# Provided data:
○ ○ ○ ○

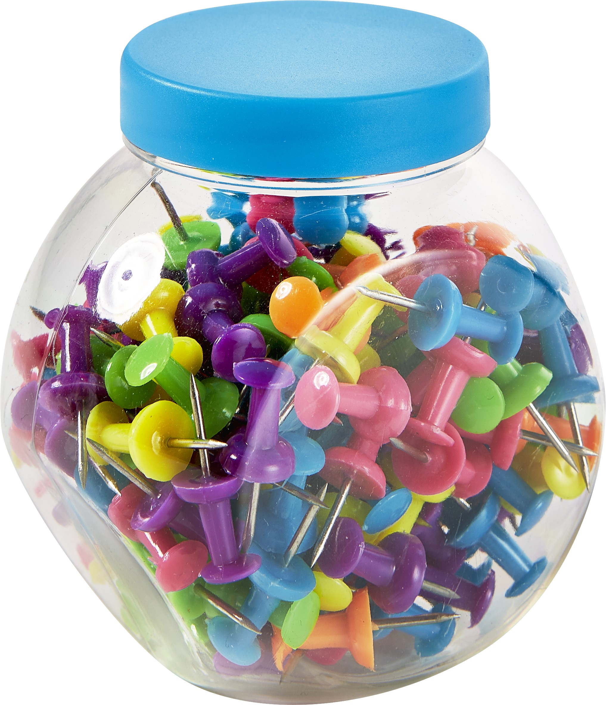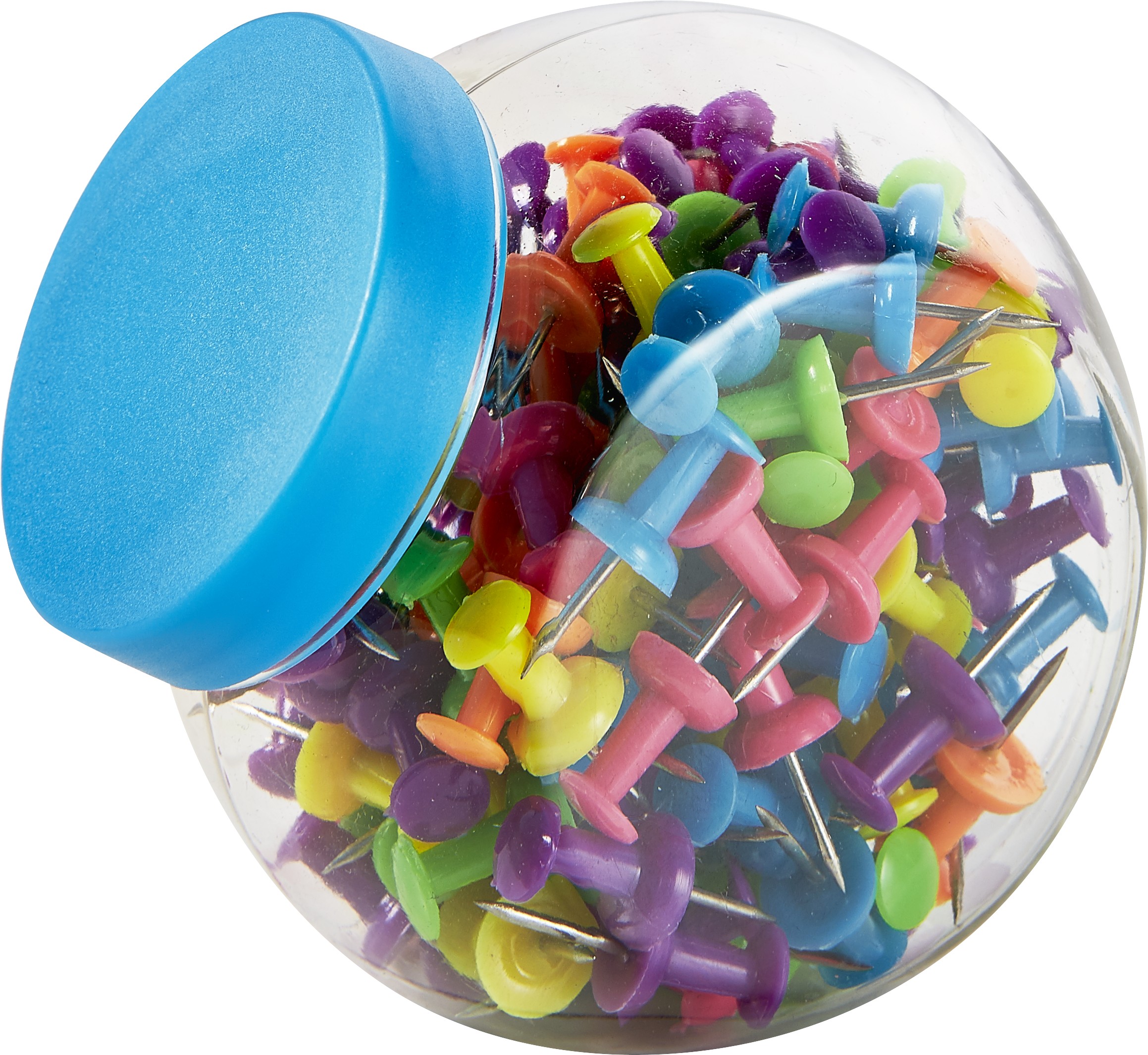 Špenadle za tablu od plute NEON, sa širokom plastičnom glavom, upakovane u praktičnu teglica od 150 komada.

○ ○ ○ ○

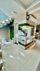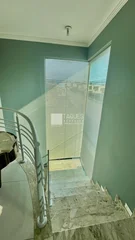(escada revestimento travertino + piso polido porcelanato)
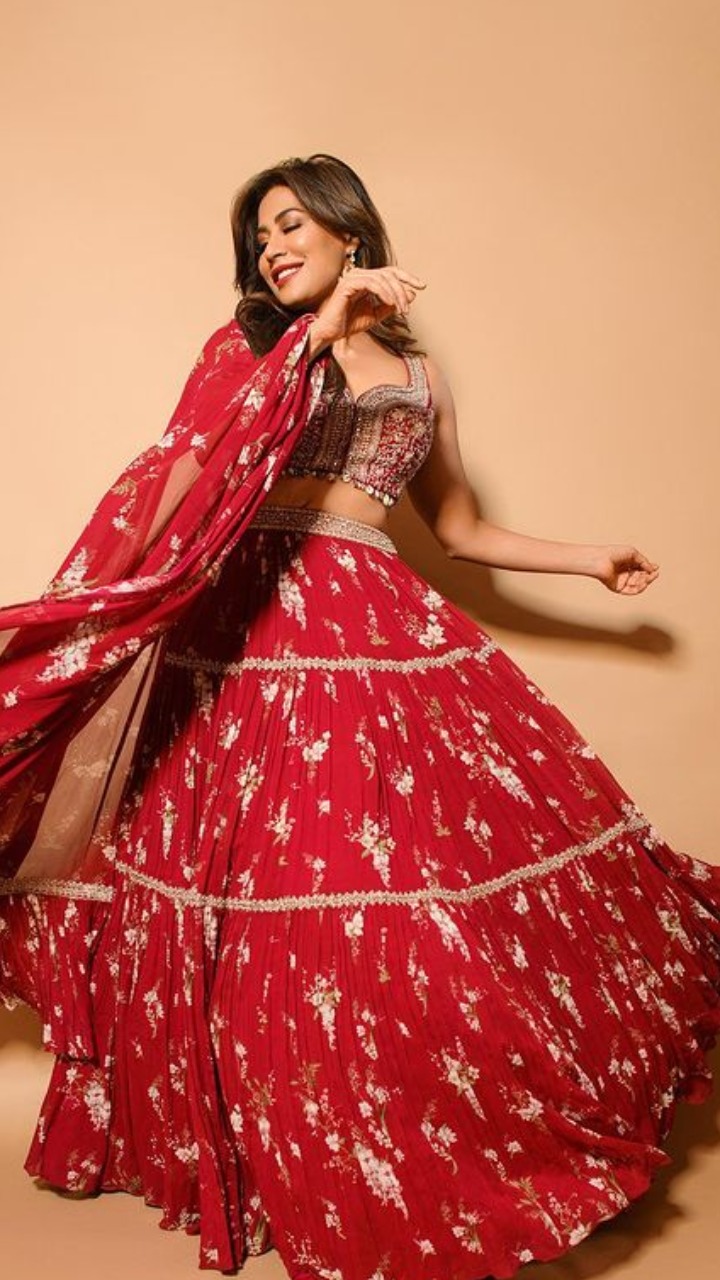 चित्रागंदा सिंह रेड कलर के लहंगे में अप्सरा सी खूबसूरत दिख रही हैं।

○ ○ ○ ○

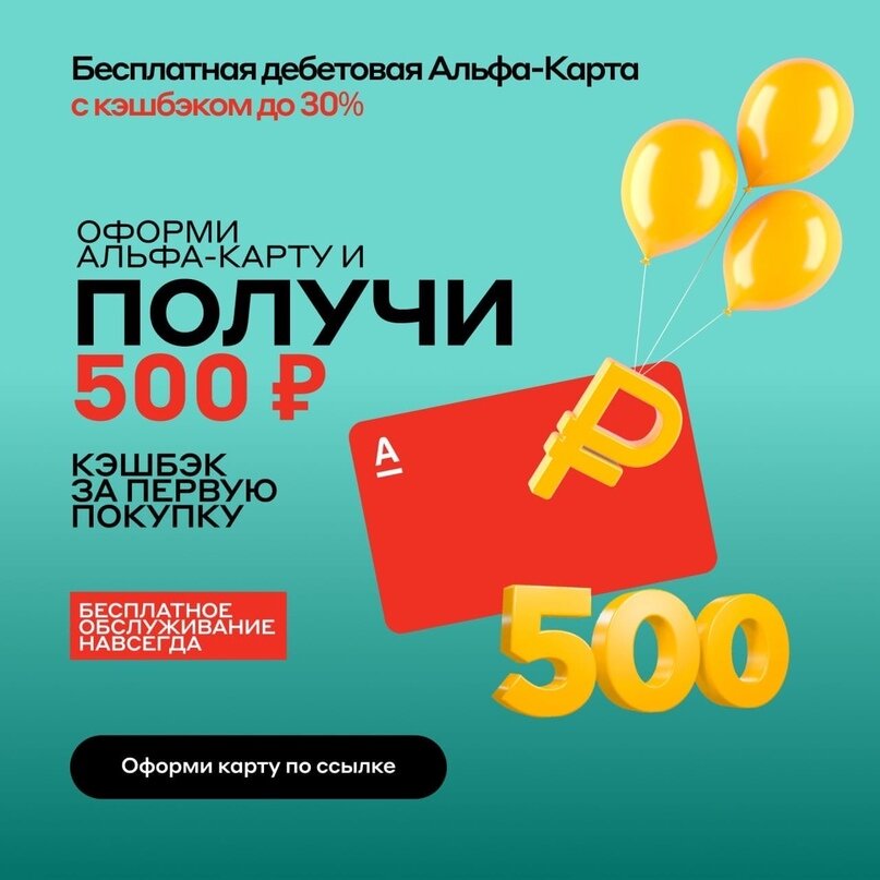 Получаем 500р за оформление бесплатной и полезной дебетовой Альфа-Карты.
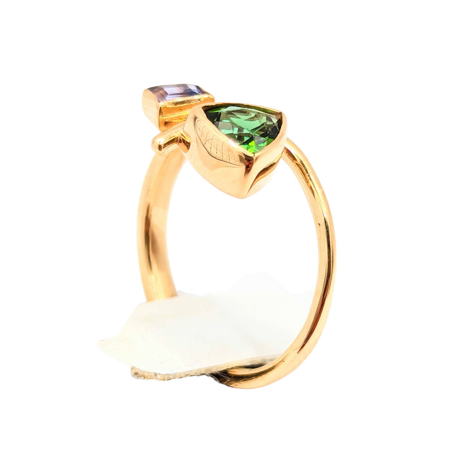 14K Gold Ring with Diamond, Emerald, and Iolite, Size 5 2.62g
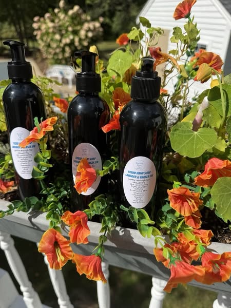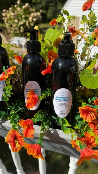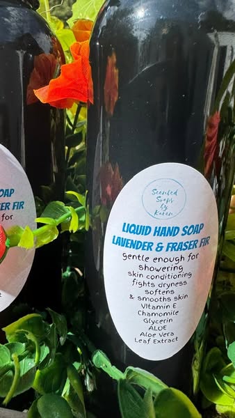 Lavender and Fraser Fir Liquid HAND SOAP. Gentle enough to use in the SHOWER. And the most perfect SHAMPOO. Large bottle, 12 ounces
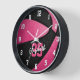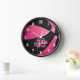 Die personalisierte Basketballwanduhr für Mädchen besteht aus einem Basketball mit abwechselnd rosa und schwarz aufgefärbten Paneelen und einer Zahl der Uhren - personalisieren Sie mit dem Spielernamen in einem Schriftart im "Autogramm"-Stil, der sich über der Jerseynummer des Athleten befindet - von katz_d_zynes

○ ○ ○ ○

Work from the entries above. Set down exactly and only the lines from the line with "Получаем 500р за" to the line with "Die personalisierte Basketballwanduhr", both included, and leave the pictures out.

# Solution to this exercise:
 Получаем 500р за оформление бесплатной и полезной дебетовой Альфа-Карты.
 14K Gold Ring with Diamond, Emerald, and Iolite, Size 5 2.62g
 Lavender and Fraser Fir Liquid HAND SOAP. Gentle enough to use in the SHOWER. And the most perfect SHAMPOO. Large bottle, 12 ounces
 Die personalisierte Basketballwanduhr für Mädchen besteht aus einem Basketball mit abwechselnd rosa und schwarz aufgefärbten Paneelen und einer Zahl der Uhren - personalisieren Sie mit dem Spielernamen in einem Schriftart im "Autogramm"-Stil, der sich über der Jerseynummer des Athleten befindet - von katz_d_zynes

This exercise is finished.